Submitted to: Weed Science
Publication Type: Peer Reviewed Journal
Publication Acceptance Date: 6/25/1998
Publication Date: N/A
Citation: N/A

Interpretive Summary: There are recent reports from growers that several classes of herbicides, normally effective in controlling common waterhemp in fields, now fail to control this weed satisfactorily. This observation led us to conduct greenhouse and laboratory studies that tested the response of this weed to herbicides. We tested a selection of a reported 'hard-to-control' common waterhemp from Bond County Illinois and found that it was cross resistant to several ALS (acetolactase synthase) inhibiting herbicides such as imazethapyr, thifensulfuron, and flumetsulam. In addition, this selection also displayed a high level of multiple resistance to the photosynthesis-inhibiting triazine herbicide atrazine. Our laboratory studies revealed that the physiological basis for the resistance in the plant was a change at each site of these herbicides' action that rendered the herbicide ineffective. Further, by applying molecular techniques we determined the exact locations on the gene that caused amino acid changes in the enzymes at the sites of herbicide action and resulted in the lack of herbicide activity in the field. Results of this study are valuable to growers, extension personnel and researchers that are involved in weed management.

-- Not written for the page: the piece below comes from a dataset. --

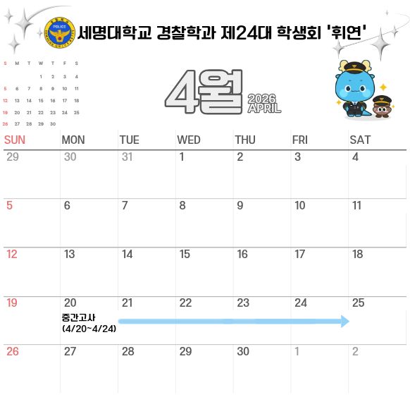 본문 시작 홈으로 커뮤니티 학과소개 교수소개 학과과정 커뮤니티 홈페이지가이드 학부공지 학부공지 학과일정 포토갤러리 학생회 동아리 학부공지 페이스북 트위터 프린트 4월 학사달력 경찰학과 조회 : 37 등록일 : 2026-04-01 안녕하십니까 세명대학교 경찰학과 제24대 학생회 ‘휘연‘입니다. 4월 학사일정입니다. 📌4/20~4/24 : 중간고사 4월에는 중간고사가 있습니다. 날짜를 잘 확인시기를 바랍니다. 기타 문의 사항은 연락해 주시면 답변드리겠습니다. 목록 이전2026 경찰학과 MT 만족도조사 만족도 조사 이 페이지에서 제공하는 정보에 대하여 만족하시나요? 매우만족 만족 보통 불만족 매우불만족
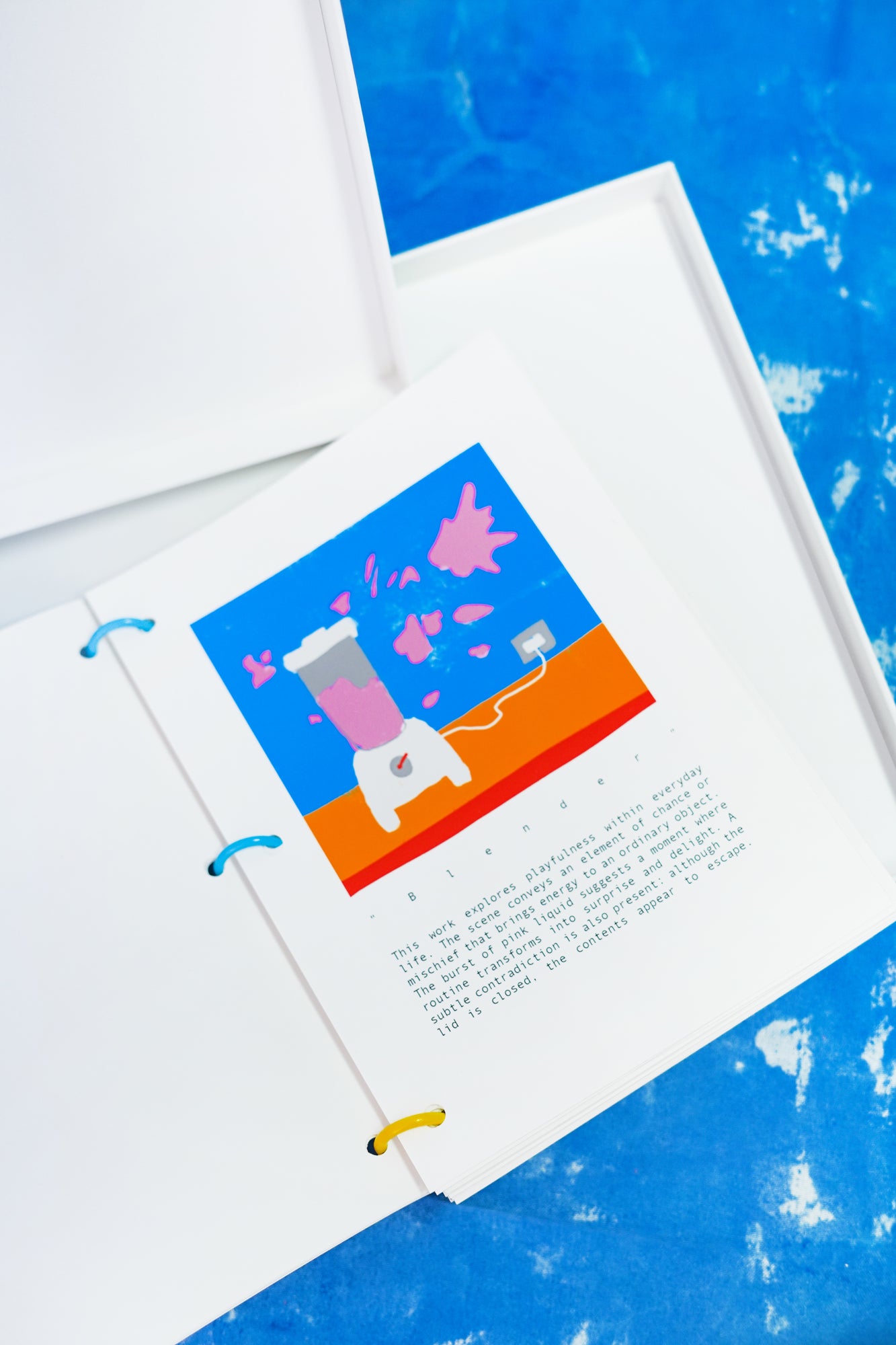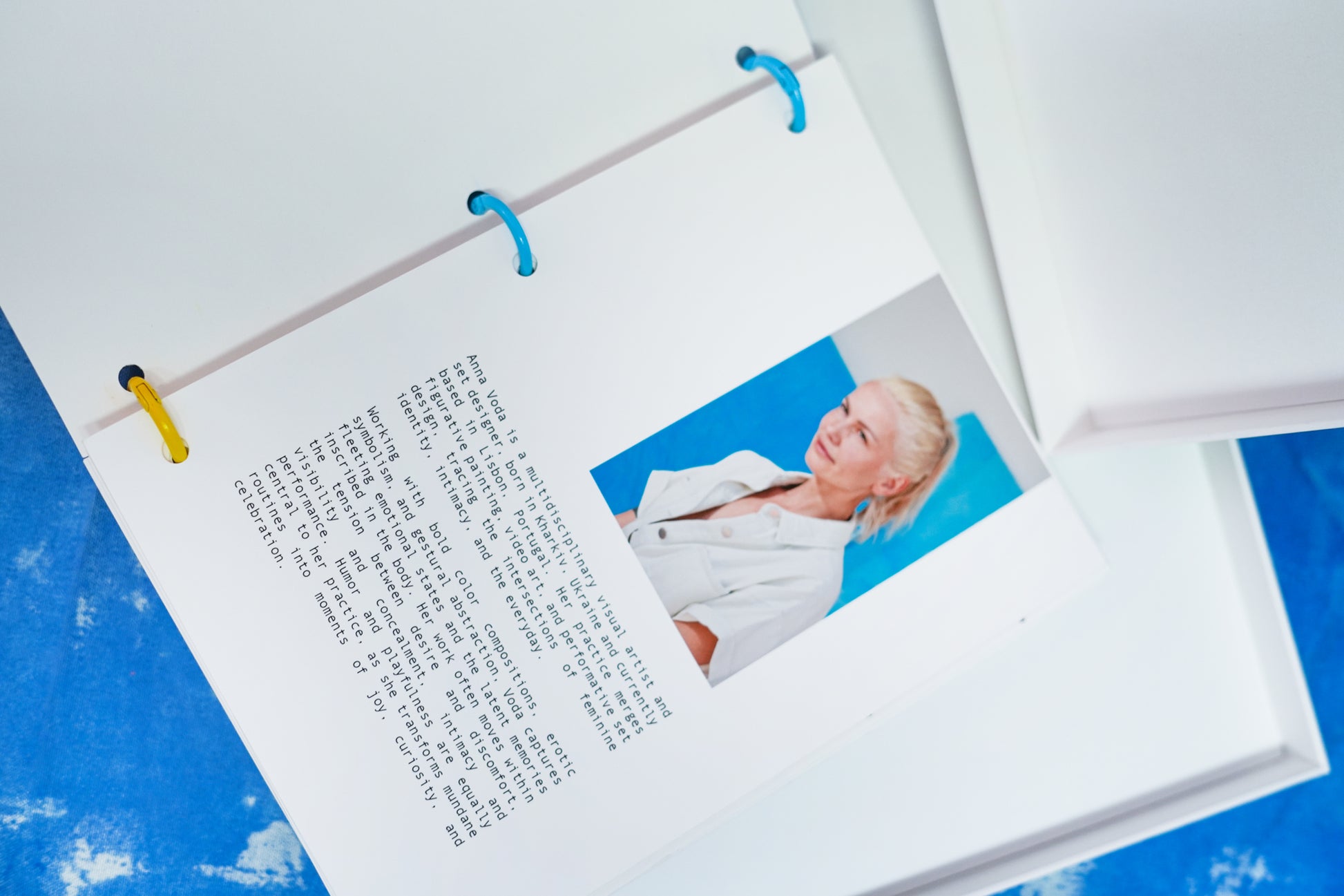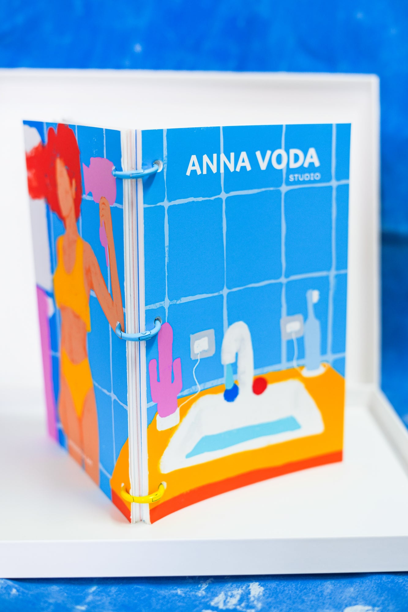 An A5 art book gathering three intimate series by Anna Voda—Celebrating the Mundane, Woman, and Love Is—where color, play, and desire turn everyday rituals into scenes of tenderness and charge. Over sixty works trace a choreography between humor and vulnerability, body and object, privacy and performance. Ring-bound for a tactile, studio-notebook feel and printed on 270 gsm cotton rag for rich color and an archival, softly textured touch.

Technical Abstract: A common waterhemp biotype not controlled by triazine or acetolactate synthase (ALS) inhibiting herbicides was isolated from a field in Bond County, Illinois in the fall of 1996. Greenhouse and laboratory experiments were used to determine resistance and cross resistance patterns among three ALS inhibiting herbicides and atrazine. Based on whole plant responses, Bond County waterhemp required over one thousand times more imazethapyr to reduce growth 50% as compared with a susceptible biotype. Cross resistance to thifensulfuron, a sulfonylurea, and flumetsulam, a triazolopyrimidine sulfonanilide, was also detected in the resistant waterhemp biotype. Based on in vivo enzyme assays, ALS from Bond County waterhemp relative to the susceptible biotype was 20, >8.4, and 68 fold resistant to imazethapyr, thifensulfuron, and flumetsulam, respectively. Whole plant efficacy trials indicated that Bond County waterhemp also was highly resistant to atrazine. An application rate corresponding to over 20 kg ha-1 of atrazine was needed to retard growth 50%. Results from chlorophyll fluorescence assays revealed that a 100 nM atrazine solution inhibited photosynthesis in the susceptible biotype whereas 10 M atrazine did not affect chlorophyll fluorescence in the resistant biotype. Regions of the genes encoding ALS and the D1 protein were sequenced to determine the molecular basis for resistance. Triazine and ALS herbicide resistance was conferred by, respectively, a glycine for serine substitution at residue 264 of the D1 protein and a leucine for tryptophan substitution at residue 577 of ALS.